Europe is blind to the next jihadi threat

Europe is blind to the next jihadi threat – UnHerd

The more urgent concern, however, should be on Europe, and how the jihadist movement reconstitutes itself inside the continents borders after the Islamic State. The principal concern for security services has been the threat posed by Isis returnees, and with good reason. There is nothing new about Europeans travelling to jihadist conflict zones, but more travelled to Syria and Iraq for jihad than every previous jihadist insurgency combined. Not all made it home, but many did or will in future.

Available evidence does suggest that only a minority of foreign fighter returnees attack at home, but this should not necessarily be a cause for complacency. The statistics alone do not account for the constant ideological transformation and evolution of militant Islamism in the West: when commuters were murdered in London in 2005, or when Mohammed Merah executed Jewish schoolchildren and soldiers in France in 2012, these acts sparked internal debates on legitimacy within salafi-jihadist circles. Today, thanks to the work of salafi-jihadist scholars, there would be no such debate.

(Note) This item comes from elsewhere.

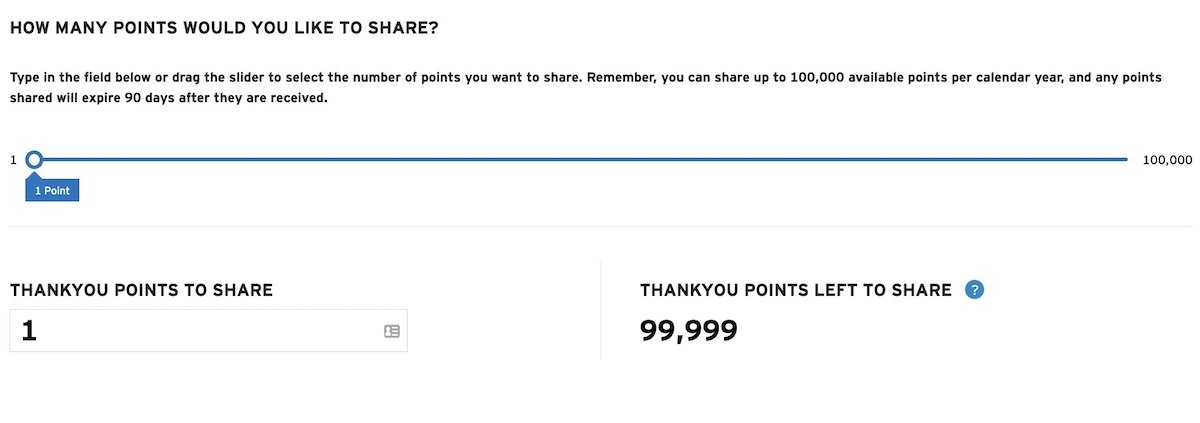 Citi lets you share up to 100,000 ThankYou points per year with any other ThankYou member, which is a great feature. However, there are some restrictions to be aware of:

Nor do low rates of attack tell the whole story of the impact of returnees. Each generation of returnees from conflict overseas has successfully helped to cultivate a new and larger generation of extremists. Isis hotspots in Europe often directly overlap with recruitment hotspots for jihadist insurgencies from decades ago. If the Isis generation is able to socialise a new, more violent, more extreme generation of salafi-jihadists then it may be years, or even decades, until we feel the full force of the most recent returnee wave.